It’s Halloween night. The crisp air is filled with the laughter of kids dressed up in costumes and the crinkle of candy wrappers. Most people would describe it as one of the best holidays to celebrate, especially with all the free candy and fun parties. Handing out candy, taking younger siblings trick-or-treating, getting dolled up in a DIY costume, carving pumpkins into spooky shapes or funny words – people love it all. In my opinion, though, Halloween is full of bitter, cold and scared faces and not a whole lot of fun at all. I’m not a pessimistic person, but Halloween is over-appreciated, overdone and I am over it.
My dislike for the creepy, scary holiday stems from a few things that happened in my childhood that I would like to address so Halloween lovers can have an easier time understanding where I am coming from.

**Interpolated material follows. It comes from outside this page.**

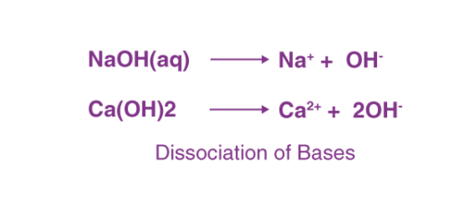 The bases dissociate in their aqueous solution to form their constituent ions, given in the following examples.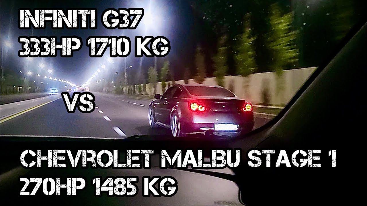 #Infiniti #G37 333hp 1710 kg VS #Chevrolet #Malibu #Stage 1 270hp 1485 kg #ташкент #жара По всем интересующим вопросам, пишите в комментарии или в соц.сети, ссылки ниже. YouTube 2: https://www.youtube.com/khavrenkoartem RuTube: https://rutube.ru/channel/23872235/ Яндекс Дзен: https://zen.yandex.ru/artemkhavrenko Instagram: https://www.instagram.com/khavrenko_a/ Facebook: https://www.facebook.com/artem.khavrenko DRIVE2: https://www.drive2.ru/users/khavrenko/ VK: https://vk.com/ld13737777

At six years old, my grandmother made popcorn balls for all the trick-or-treaters that came to my house. They were loved by all the neighborhood kids and my house quickly became a mandatory stop on everyone’s candy-driven neighborhood tour. I went with my parents to trick-or-treat with my brothers, and when we got back all the popcorn balls were gone. I went on with my night and was getting ready for bed when I heard a little knock on the door. My mom answered and there was a little boy, close to my age, that had come to the door by himself hoping for a popcorn ball. He was sadly disappointed when we did not have any left, and my six-year-old brain was filled with so much sympathy for that little boy that I sobbed my eyes out for the rest of the night. It still makes my heart break and I get choked up about it even still. Halloween is filled with disappointed children and sad, cold nights walking home without popcorn balls.

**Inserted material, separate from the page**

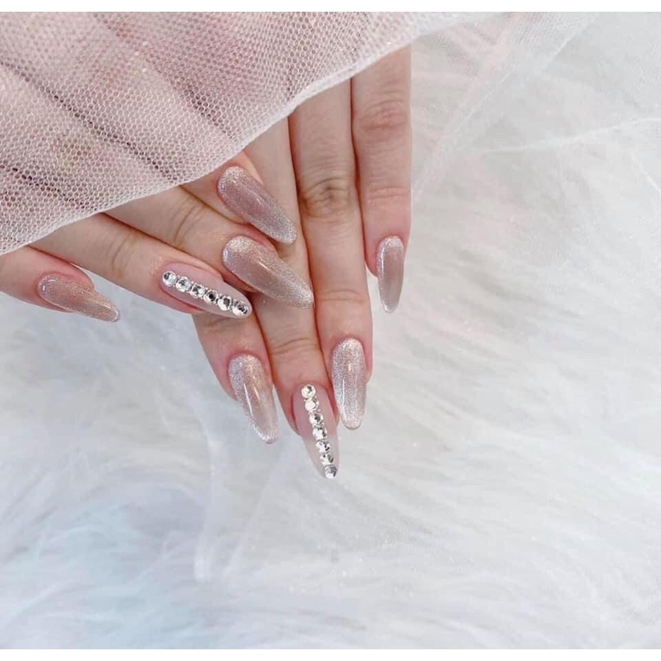 - Sơn gel mắt mèo kim cương: Chỉ 1 chai tinh thể mắt mèo - đã có thể biến hoá đa dạng lắm luôn, thợ nail thoả sức sáng tạo những mẫu móng tuyệt đẹp

When I was seven years old, a family friend had a huge Halloween party complete with a haunted maze through the woods behind their house. Once it was dark, my family decided we should all walk through the maze to get the most from our night. About five feet into the maze, there was a jump scare that knocked me to the ground screaming for mercy. The teenage boy quickly took off his mask and apologized, thinking I would calm down. However, there was no calming down for seven-year-old me, who couldn’t shake the scare. My whole family had to leave the party, and to this day I do not understand why anyone on this Earth enjoys getting scared and having a rush of adrenaline so strong that your body goes into fight-or-flight mode.
To me, there is no reason to celebrate such a trivial holiday like Halloween. There is no joy brought by eating so much candy that your stomach aches, getting scared so much you can’t sleep and being frozen like an ice block from being outside during the cold weather. My Halloween night consists of warm apple cider, cheesy (and, more importantly, not scary) Disney Halloween movies and laying on my couch in sweatpants and a Halloween shirt that my mom forces me to wear because it’s her favorite holiday. There isn’t even a true meaning behind Halloween, unless you want to go the old-timey route and invite demons into your house to haunt you for the rest of time. If that’s the case, go right ahead. Less nightmares for me.